My first thought was that I had somehow slept on my neck wrong and compressed the spinal cord. I thought about how standing made me feel better, and decided that there must be some disruption in the CSF flow to and from my brain – perhaps a Chiari Malformation.

So I contacted my friend Sandy from the ILC Foundation who is both a mentor and emergency contact. She helps people with my condition, and since no one in my family who could actually do anything for me was home, I called her first. Then I called my doctor, then my other doctor, then the telehealth-help line. They all told me I should already be on my way to the hospital.

I knew I couldn’t do that, though. I had no way of getting myself from my house to the hospital, or to the urgent care center (my personal preference). Well, any way except for calling an ambulance – which I would not do… that’s just too emberrasing.

So I contacted my mother to send my father money so he could gas up his car and drive the 40 minute drive to take me to the urgent care center.

After waiting four hours in the urgent care centre, having three needles (two in the hand and one in the arm), an IV and a whole lot of waiting, I was sent home with the sound advice to ‘be cautious’… it was probably the new medication.

This is really what I want to demonstrate, and to talk about. Our medical system is set up in such a way that the patient has relatively no say in the care he receives for his health. Once you report one set of symptoms and signs, you cannot talk of another with validity – whether competing or not. It’s honestly quite an odd thing to experience. It’s the only profession you will experience this type of forced compliance. If you speak with a mechanic and explain the issues you’re having, he won’t walk away. If you speak with a physiotherapist, they listen to all your concerns and take them into consideration. But you’re not even permitted more than fifteen seconds for an explanation concerning something as important as your own life. It’s absurd, counter-productive and incredibly frustrating.

I am under no delusion that because I can read a webmd article and happen to know my body fairly well that I am somehow smarter or more clever than a doctor – a sentiment shared by most of my peers.

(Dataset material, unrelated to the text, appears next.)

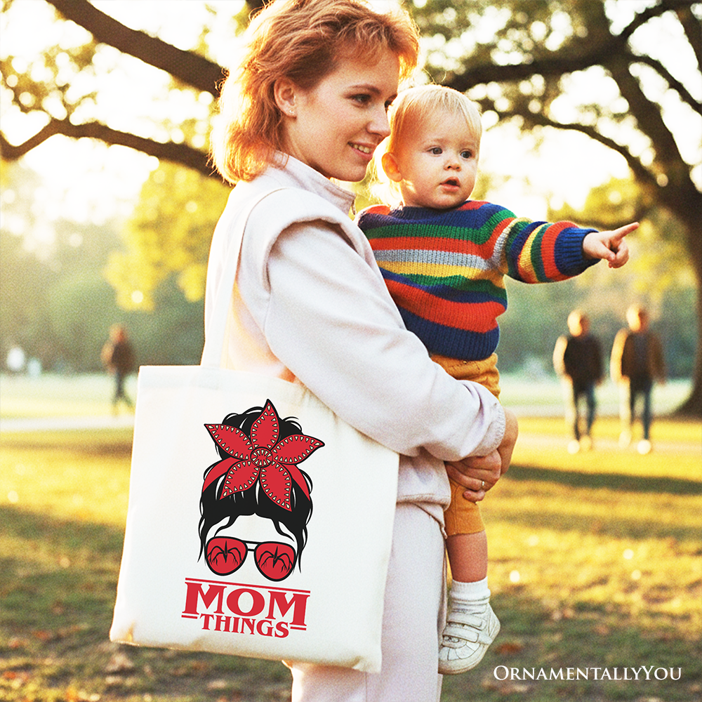Mom Things Messy Bun Retro Canvas Tote Bag, Red Bandana Glasses Family Matching Gift Shopper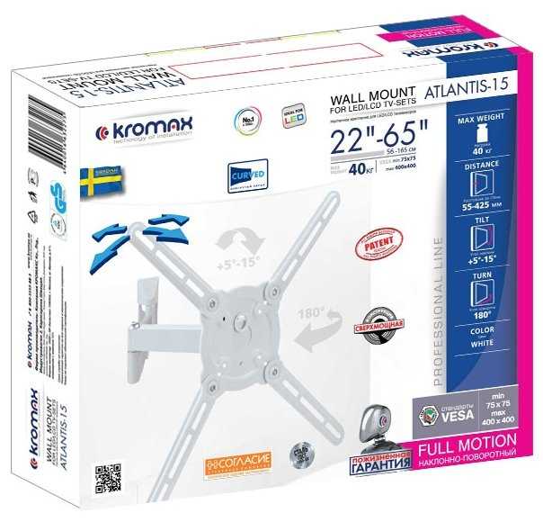 - Подходит для диагоналей 22-65 дюймов, стандартов VESA до 400x400 (9 вариантов креплений).

I understand how powerful a tool a medical degree is – they say on average a general practitioner knows one hundred thousand different facts concerning his speciality (diseases, symptoms, treatments etc..). I’m not advocating for patient oriented treatment (could you imagine if patients were given the power to write prescriptions or send referrals)?!. What I think has to change is the amount of input doctors allow patients to have in discussions concerning their own health. Am I wrong, or alone in thinking patience is a virtue?

I know that the medication I started a week ago is not causing these problems – I know it’s my neck. But if I contest and offer new information, I’m accused of malingering and wasting time. Now I have to wait until the morning to go back and see another physician, draining more money from our economy and wasting more time than was ever necessary.

At the very least doctors should moderate the input they allow patients to have based upon certain key factors – chief among them being the severity of the malady and the competence of the patient. They should be more patient and modulate with less of an iron fist.

Imagine a medical system in which ninety percent of the doctors didn’t have a cranial-rectal disorder?